▶ _Supplied material_:
- Opening Delimiter -
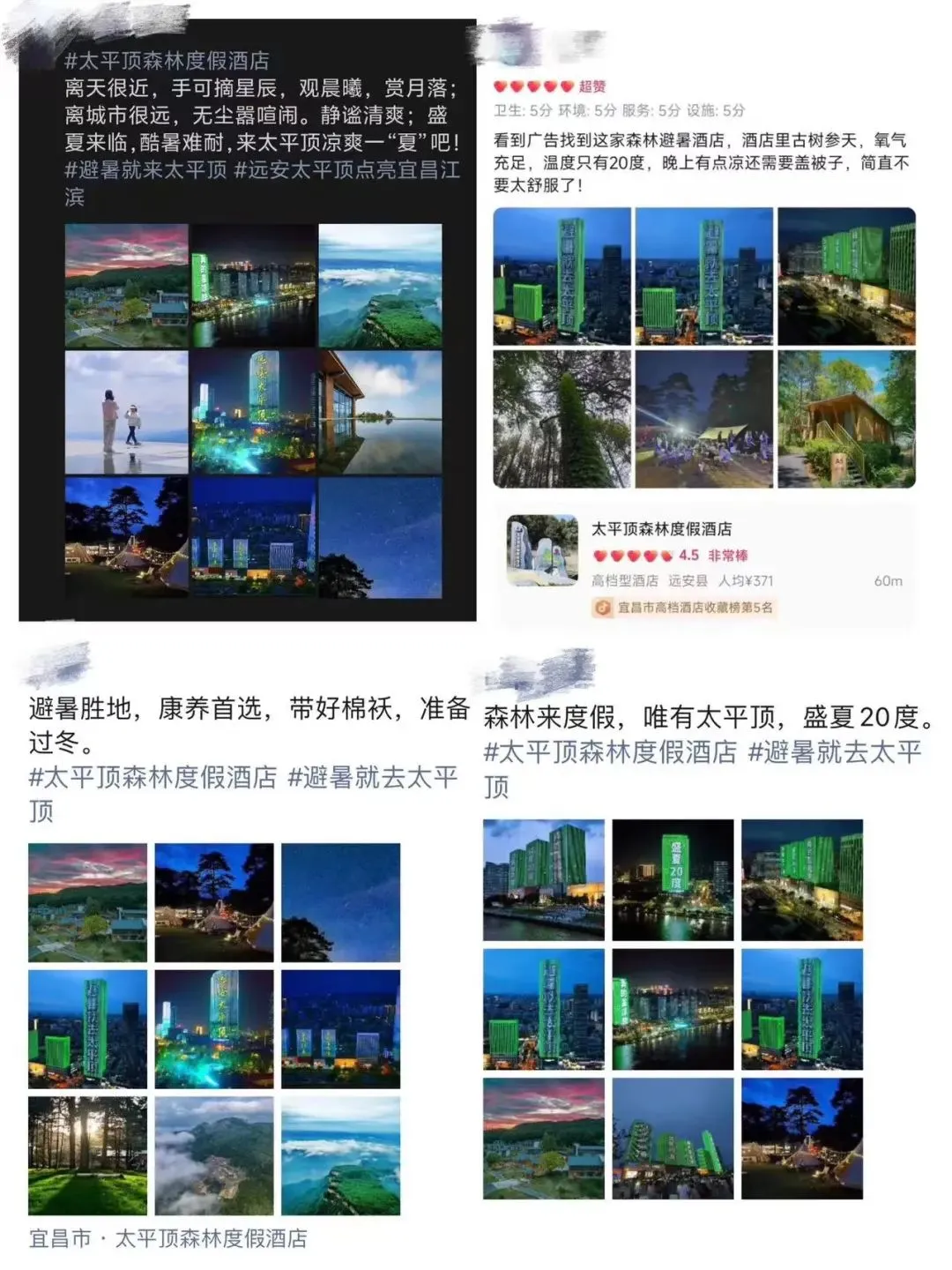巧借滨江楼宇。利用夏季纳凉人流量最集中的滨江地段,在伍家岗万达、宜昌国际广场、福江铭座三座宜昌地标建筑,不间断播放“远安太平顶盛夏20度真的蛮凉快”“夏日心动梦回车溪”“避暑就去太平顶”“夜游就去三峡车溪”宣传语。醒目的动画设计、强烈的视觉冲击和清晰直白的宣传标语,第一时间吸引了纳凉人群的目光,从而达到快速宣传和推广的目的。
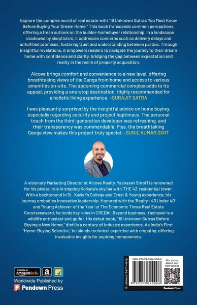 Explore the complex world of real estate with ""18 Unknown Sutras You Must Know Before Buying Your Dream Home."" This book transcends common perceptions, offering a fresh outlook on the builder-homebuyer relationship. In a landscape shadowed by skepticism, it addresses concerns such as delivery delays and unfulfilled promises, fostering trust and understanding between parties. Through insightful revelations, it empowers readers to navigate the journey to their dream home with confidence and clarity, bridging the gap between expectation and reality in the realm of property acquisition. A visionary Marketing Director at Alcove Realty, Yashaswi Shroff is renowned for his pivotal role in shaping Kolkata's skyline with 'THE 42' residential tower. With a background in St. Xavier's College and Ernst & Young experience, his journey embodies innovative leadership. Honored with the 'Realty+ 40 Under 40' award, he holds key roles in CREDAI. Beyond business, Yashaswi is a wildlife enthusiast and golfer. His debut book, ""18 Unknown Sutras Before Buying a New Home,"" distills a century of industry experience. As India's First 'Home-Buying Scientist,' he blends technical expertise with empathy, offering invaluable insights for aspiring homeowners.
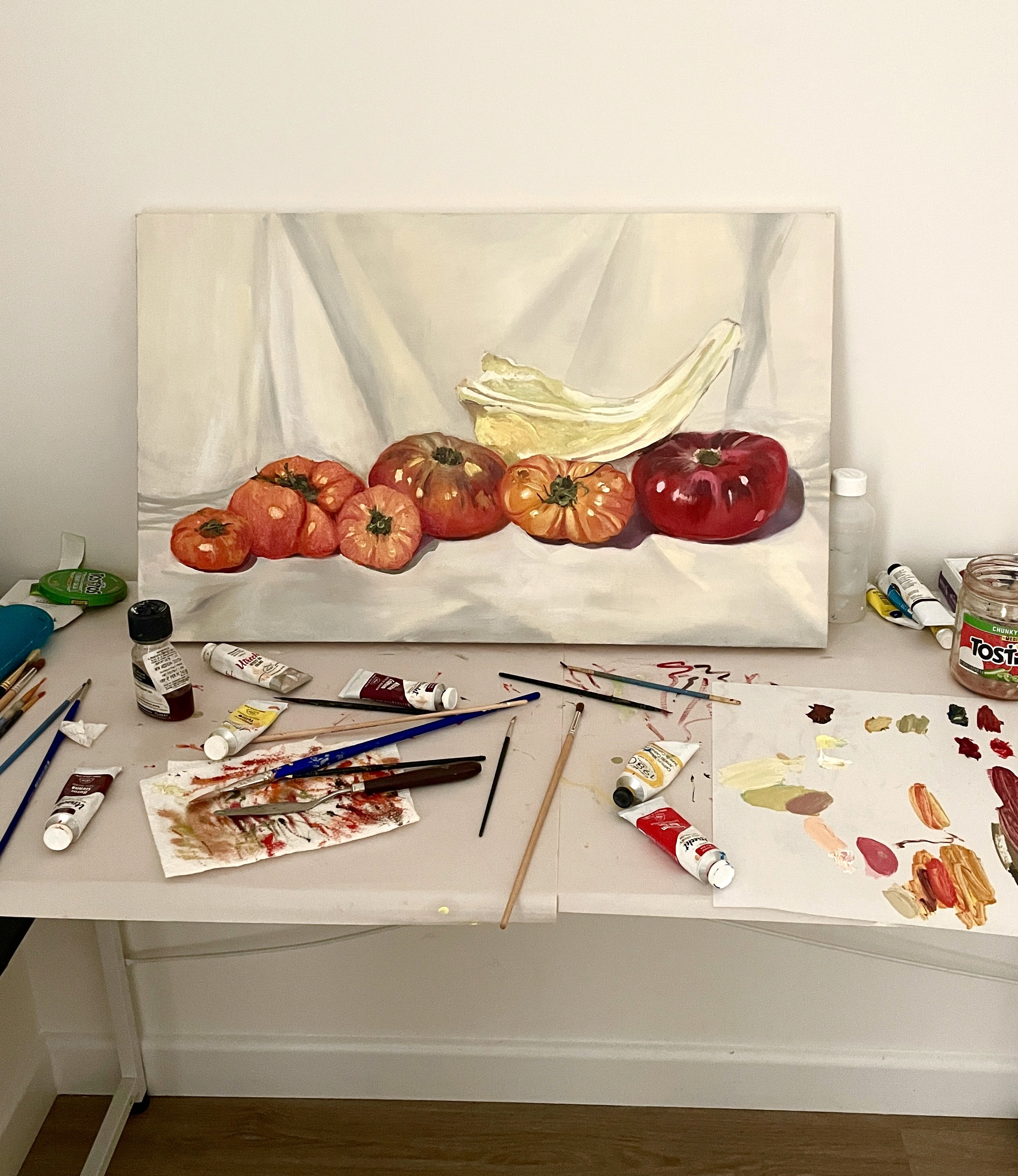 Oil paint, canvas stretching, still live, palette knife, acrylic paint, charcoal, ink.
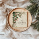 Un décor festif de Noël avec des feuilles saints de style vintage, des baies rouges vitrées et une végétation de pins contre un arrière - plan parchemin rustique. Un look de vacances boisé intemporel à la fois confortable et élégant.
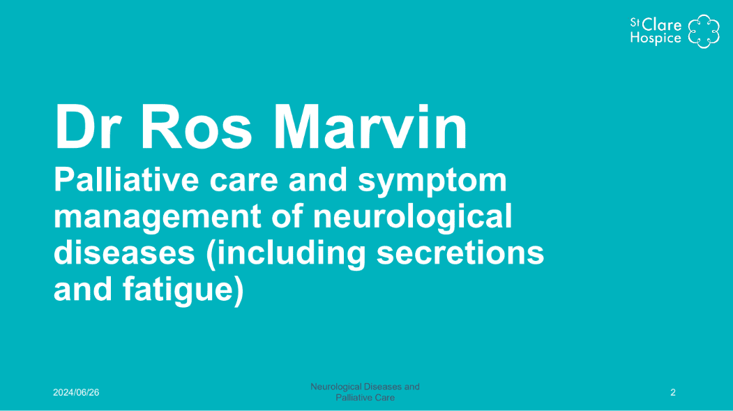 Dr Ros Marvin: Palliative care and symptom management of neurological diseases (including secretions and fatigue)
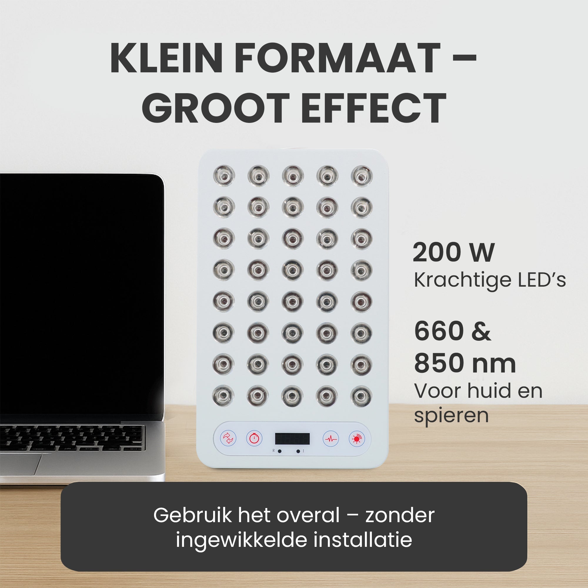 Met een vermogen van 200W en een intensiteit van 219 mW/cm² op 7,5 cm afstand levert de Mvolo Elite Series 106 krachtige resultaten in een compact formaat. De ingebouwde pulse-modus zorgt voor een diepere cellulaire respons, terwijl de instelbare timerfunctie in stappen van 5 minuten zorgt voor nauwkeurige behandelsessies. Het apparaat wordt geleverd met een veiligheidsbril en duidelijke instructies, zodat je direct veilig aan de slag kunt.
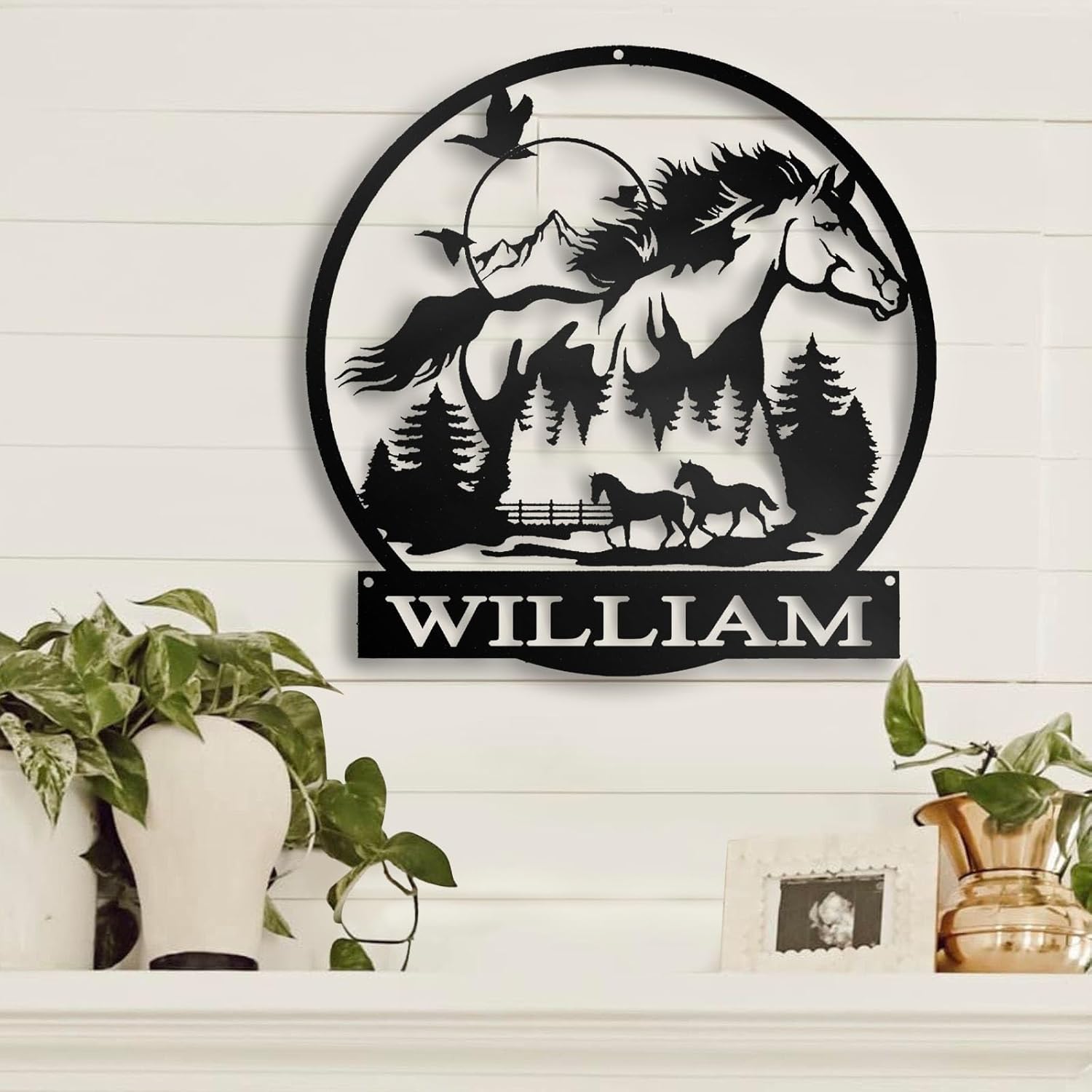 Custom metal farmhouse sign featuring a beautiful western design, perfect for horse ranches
- Closing Delimiter -
▶ _Work to be completed_:
Each line above should be printed again exactly, though the pictures should not be.

▶ _Written answer_:
巧借滨江楼宇。利用夏季纳凉人流量最集中的滨江地段,在伍家岗万达、宜昌国际广场、福江铭座三座宜昌地标建筑,不间断播放“远安太平顶盛夏20度真的蛮凉快”“夏日心动梦回车溪”“避暑就去太平顶”“夜游就去三峡车溪”宣传语。醒目的动画设计、强烈的视觉冲击和清晰直白的宣传标语,第一时间吸引了纳凉人群的目光,从而达到快速宣传和推广的目的。
 Explore the complex world of real estate with ""18 Unknown Sutras You Must Know Before Buying Your Dream Home."" This book transcends common perceptions, offering a fresh outlook on the builder-homebuyer relationship. In a landscape shadowed by skepticism, it addresses concerns such as delivery delays and unfulfilled promises, fostering trust and understanding between parties. Through insightful revelations, it empowers readers to navigate the journey to their dream home with confidence and clarity, bridging the gap between expectation and reality in the realm of property acquisition. A visionary Marketing Director at Alcove Realty, Yashaswi Shroff is renowned for his pivotal role in shaping Kolkata's skyline with 'THE 42' residential tower. With a background in St. Xavier's College and Ernst & Young experience, his journey embodies innovative leadership. Honored with the 'Realty+ 40 Under 40' award, he holds key roles in CREDAI. Beyond business, Yashaswi is a wildlife enthusiast and golfer. His debut book, ""18 Unknown Sutras Before Buying a New Home,"" distills a century of industry experience. As India's First 'Home-Buying Scientist,' he blends technical expertise with empathy, offering invaluable insights for aspiring homeowners.
 Oil paint, canvas stretching, still live, palette knife, acrylic paint, charcoal, ink.
 Un décor festif de Noël avec des feuilles saints de style vintage, des baies rouges vitrées et une végétation de pins contre un arrière - plan parchemin rustique. Un look de vacances boisé intemporel à la fois confortable et élégant.
 Dr Ros Marvin: Palliative care and symptom management of neurological diseases (including secretions and fatigue)
 Met een vermogen van 200W en een intensiteit van 219 mW/cm² op 7,5 cm afstand levert de Mvolo Elite Series 106 krachtige resultaten in een compact formaat. De ingebouwde pulse-modus zorgt voor een diepere cellulaire respons, terwijl de instelbare timerfunctie in stappen van 5 minuten zorgt voor nauwkeurige behandelsessies. Het apparaat wordt geleverd met een veiligheidsbril en duidelijke instructies, zodat je direct veilig aan de slag kunt.
 Custom metal farmhouse sign featuring a beautiful western design, perfect for horse ranches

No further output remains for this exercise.